Personal information
- Full name: Eustace Lorenz Pereira
- Born: 4 July 1939 (age 87) Colombo, Western Province, Ceylon
- Batting: Left-handed
- Bowling: Right-arm off break

Domestic team information
- 1962–1963: Cambridge University

Career statistics
| Competition | First-class |
| Matches | 2 |
| Runs scored | 11 |
| Batting average | 11.00 |
| 100s/50s | –/– |
| Top score | 8* |
| Catches/stumpings | –/– |
- Source: Cricinfo, 26 January 2022

= Lorenz Pereira =

Sri Lankan cricketer

Eustace Lorenz Pereira (born 4 July 1939) is a Sri Lankan former first-class cricketer.

The son of E. O. E. Pereira, he was born at Colombo in July 1939. Pereira was educated at Royal College in Colombo, where he played for the college cricket team.
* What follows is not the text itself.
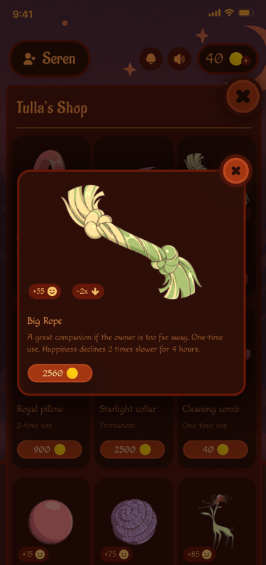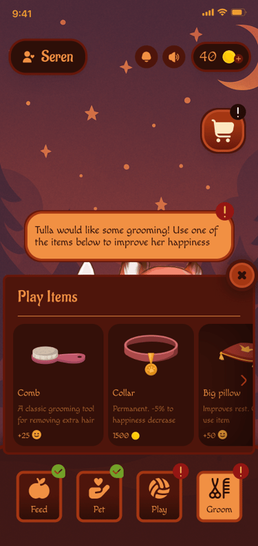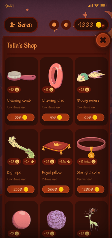 Pet Shop - an opportunity to spend coins received through focusing and completing tasks

From there he travelled to England to study at Fitzwilliam College, Cambridge. While studying at Cambridge, he played first-class cricket for Cambridge University Cricket Club in 1962 and 1963, making one appearance against the Free Foresters in 1962 and Nottinghamshire in 1962. He scored 11 runs in these matches, with a highest score of 8 not out.

After graduating from Cambridge he returned to Sri Lanka, before emigrating to Australia where he worked for and Town and Country Planning Board in Victoria, eventually becoming a senior city planner in Melbourne. Amongst his achievements was the introduction of the retractable roof on the Rod Laver Arena.